跳转到主要内容

让蛋白质折叠对所有人可及。在google colab和您的机器上预测蛋白质结构

项目描述

ColabFold - v1.5.5

有关v1.5版本中更改的详细信息,请参阅变更日志

通过Google Colab使蛋白质折叠对所有人开放!

笔记本 单体 复合物 mmseqs2 jackhmmer 模板
AlphaFold2_mmseqs2
AlphaFold2_batch
AlphaFold2(来自Deepmind)
relax_amber(放松输入结构)
ESMFold 也许
BETA(开发中)笔记本
RoseTTAFold2 进行中
OmegaFold 也许
AlphaFold2_advanced_v2(新实验笔记本)

查看wiki页面 旧退休笔记本 了解不支持的笔记本。

常见问题解答

  • 我在哪里可以与其他ColabFold用户聊天?
  • 我可以使用模型进行<强>Molecular Replacement吗?
    • 是的,但请<强>小心,bfactor列填充了pLDDT置信度值(越高越好)。
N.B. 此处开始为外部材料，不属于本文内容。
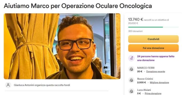 «Ciao a tutti, Vi presento Marco, un uomo coraggioso che sta affrontando una sfida molto difficile: una operazione oculare oncologica. Marco è un amico, un membro della nostra comunità e una persona amata da tutti coloro che lo conoscono. Oggi vogliamo unirci per supportarlo nel suo percorso di guarigione.
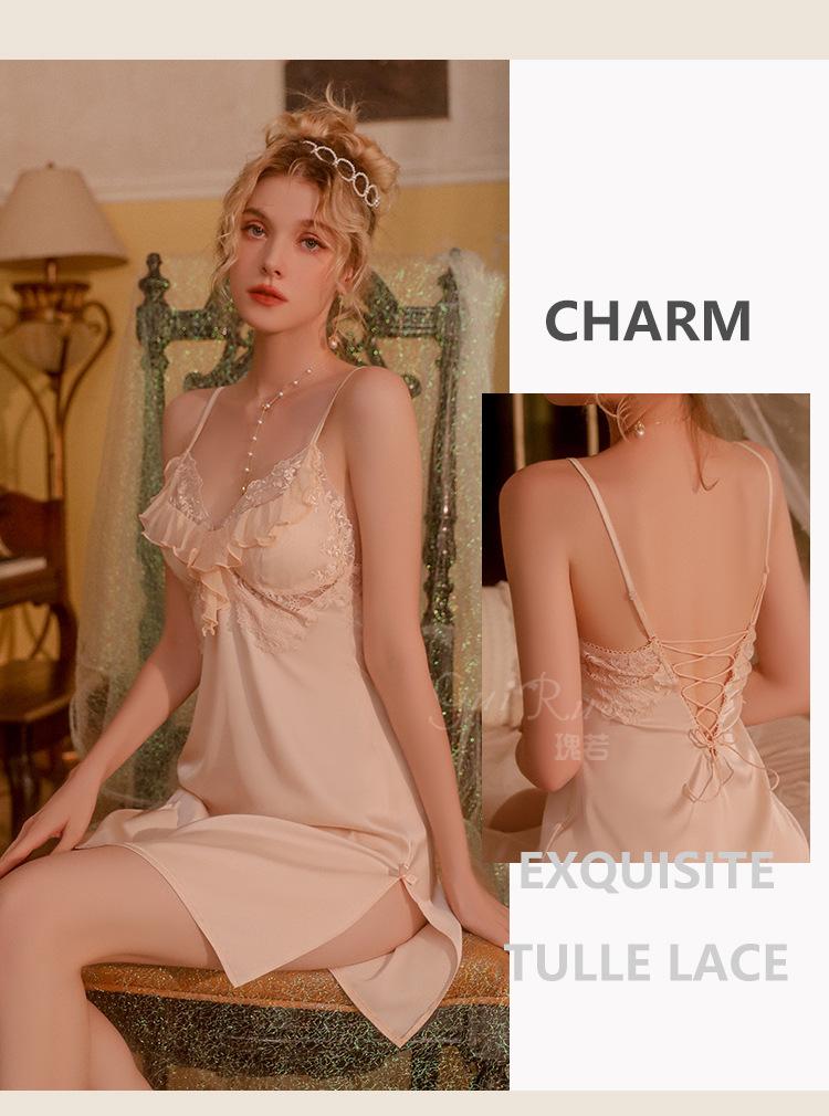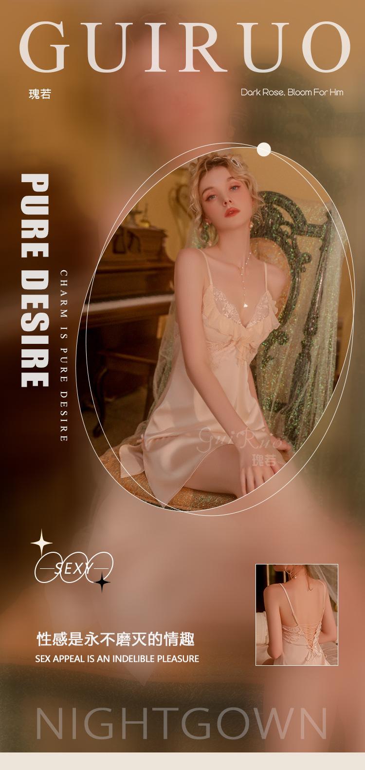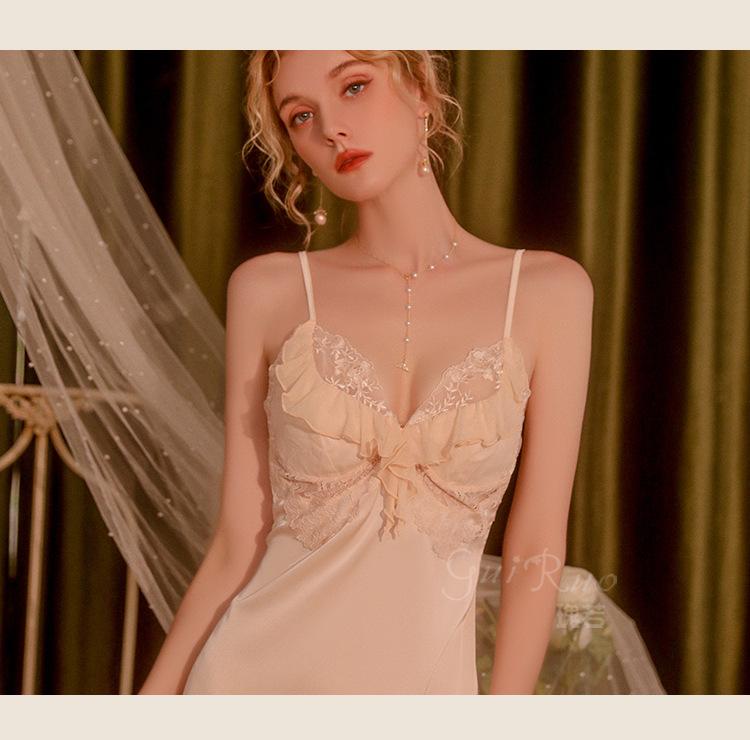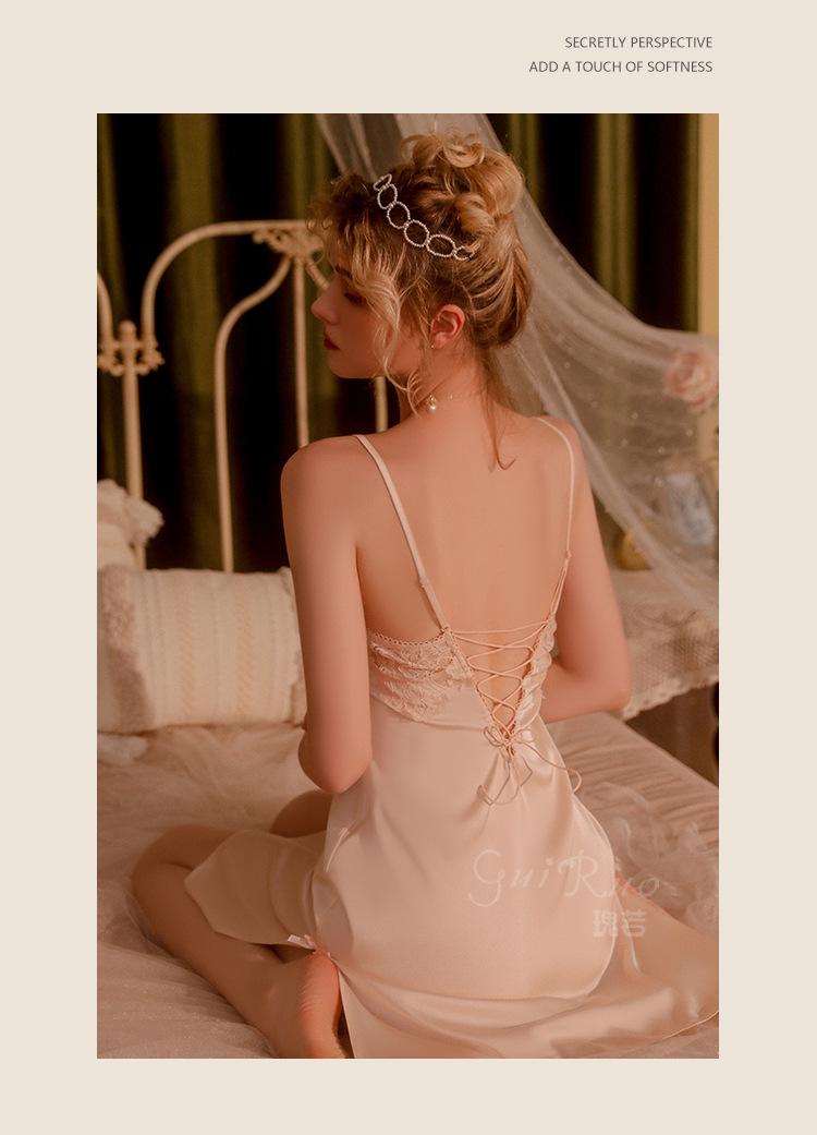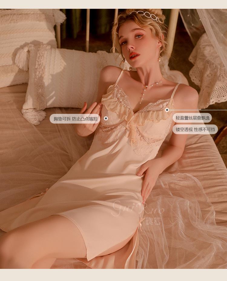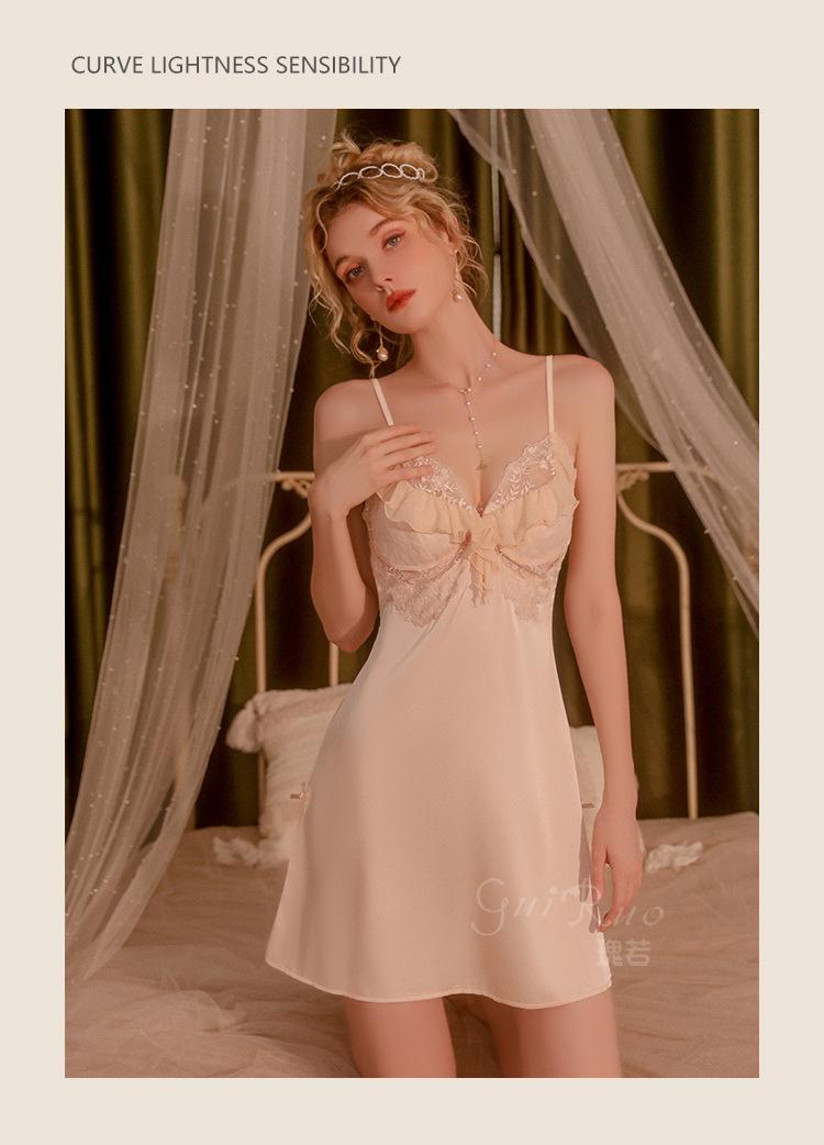 Guiruo - Camisón de satén con tirantes y escote en V profundo, con almohadillas para el pecho, estilo "Pure Desire", J2708
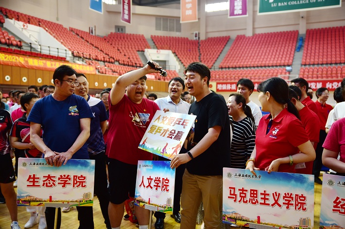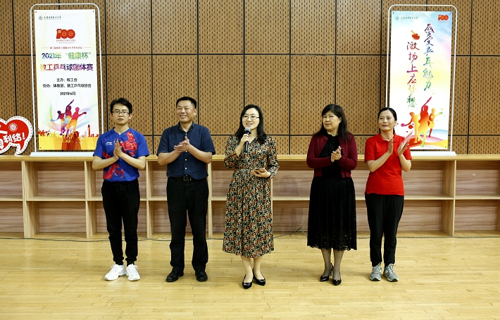 6月4日,我校2021年“健康杯”教工乒乓球团体赛在奉贤校区体育馆开赛,校党委副书记、副校长、校工会主席王瑛出席开幕式并致辞,校工会常务副主席张淑梅、体育教育部主任尹小俭及各分工会200余名运动员参加开幕式。
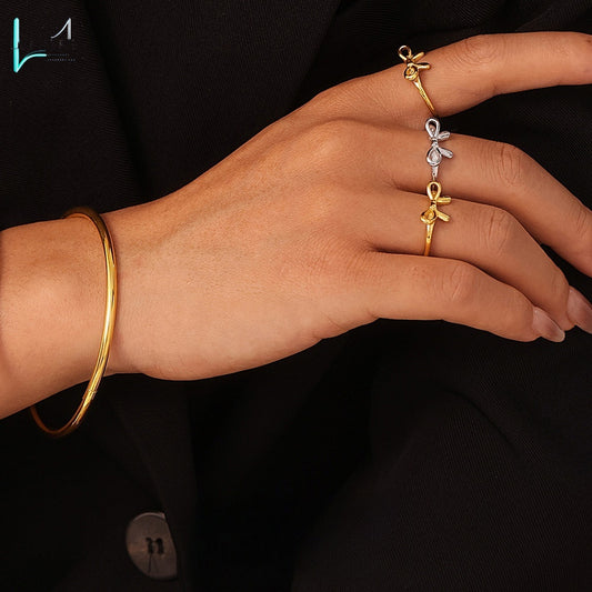 Stainless steel PVD plated 18K gold bow ring bracelet set
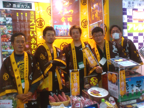 おそろいのハッピも着ると、とても目につきやすい展示ブースになります。
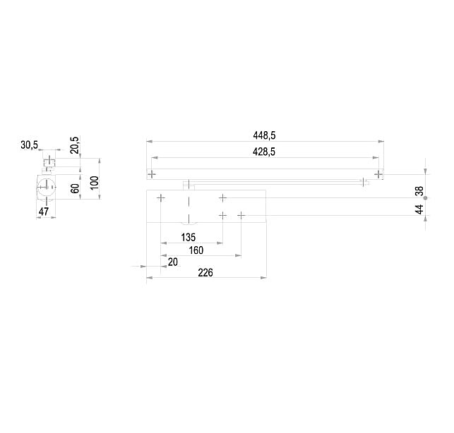 Odporúčaná váha dverného krídla podľa STN EN 1154 je pre tento samozatvárač 80 kg.
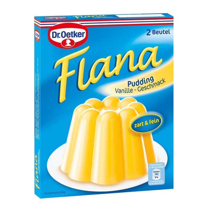 Zubereitung von 4 Dessertportionen mit 1 Beutel Flana und 1/2 l Milch: 1. Puddingpulver (1 Beutel) mit ca. 50 g Zucker (ca. 3 EL) mischen. Mit 3 EL der vorbereiteten Milch glatt rühren. 2. Übrige Milch aufkochen, von der Kochstelle nehmen und angerührtes Pulver einrühren. 3. Pudding unter Rühren mindestens 1 Minute kochen. Hinweis: Flana bleibt beim Kochen dünnflüssig und lässt sich so einfacher in Formen füllen! 4. Flana in eine Schale oder kalt ausgespülte Sturzform füllen. Zum Stürzen mindestens 3 Stunden in den Kühlschrank stellen. Hinweis: Dr. Oetker Flana Vanille-Geschmack nach der Zubereitung bis zum Verzehr (wie Frischmilch) lichtgeschützt und kühl lagern.
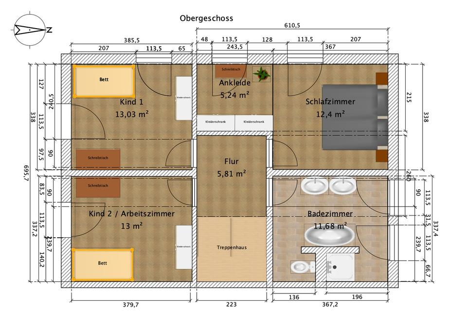 – 1 Elternschlafzimmer mit Ankleide oder Homeoffice-Bereich.
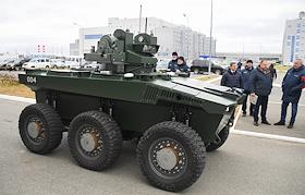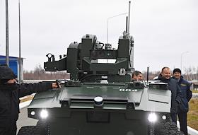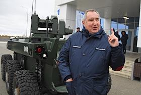 Космодром "Восточный". Церемония запуска ракеты-носителя "Союз-2.1б" с разгонным блоком "Фрегат" и 36 космическими аппаратами OneWeb на борту. Генеральный директор Государственной корпорации по космической деятельности "Роскосмос" Дмитрий Рогозин на презентации робототехнического комплекса "Маркер" в системе охраны космодрома "Восточный".

Phenix.phaser期望一个"真实"的bfactor,其中(越低越好)。参见Claudia Millán的帖子
  • 最大长度是多少?
    • 限制取决于Google-Colab提供的免费GPU fingers-crossed
    • 对于GPU:Tesla T4Tesla P100具有约16G的最大长度约为2000
    • 对于GPU:Tesla K80具有约12G的最大长度约为1000
    • 要检查您的GPU,请打开一个新的代码单元格并输入!nvidia-smi
  • 在本地计算机上使用MMseqs2 MSA服务器(cf.run_mmseqs2)是否可以?
    • 如果您从单个IP进行串行查询,则可以从本地计算机访问服务器。请不要使用多台计算机查询服务器。
  • 我可以在哪里下载ColabFold使用的数据库?
  • 我想渲染预测结构的自定义图像,如何通过pLDDT着色?
    • 在AlphaFold结构的pymol中:spectrum b, red_yellow_green_cyan_blue, minimum=50, maximum=90
    • 如果您想使用AlphaFold颜色(感谢Konstantin Korotkov)
      set_color n0, [0.051, 0.341, 0.827]
      set_color n1, [0.416, 0.796, 0.945]
      set_color n2, [0.996, 0.851, 0.212]
      set_color n3, [0.992, 0.490, 0.302]
      color n0, b < 100; color n1, b < 90
      color n2, b < 70;  color n3, b < 50
      
    • 在RoseTTAFold结构的pymol中:spectrum b, red_yellow_green_cyan_blue, minimum=0.5, maximum=0.9
  • AlphaFold2_advanced和AlphaFold2_mmseqs2 (_batch)笔记本在复合预测之间有什么区别?
    • 我们目前有两种不同的蛋白质复合物预测方法:(1)使用带有残基索引跳转的AlphaFold2模型,以及(2)使用AlphaFold2-多聚体模型。AlphaFold2_advanced支持(1),而AlphaFold2_mmseqs2 (_batch)支持(2)。
  • localcolabfold和pip可安装的colabfold_batch之间有什么区别?
    • LocalColabFold是一个安装脚本,旨在使ColabFold功能可在本地用户机器上使用。它支持广泛的操作系统,例如Windows 10或更高版本(使用Windows Subsystem for Linux 2)、macOS和Linux。
  • 有没有办法在没有从头开始重新运行alphafold/colabfold的情况下放松结构?
  • 我可以在哪里找到以前开发但现在已退休的旧笔记本?
  • 我可以在哪里找到ColabFold使用的MSA服务器数据库的历史记录?

本地运行

有关如何在本地安装ColabFold的说明,请参阅localcolabfold或查看我们的wiki页面,了解如何在Docker中运行ColabFold。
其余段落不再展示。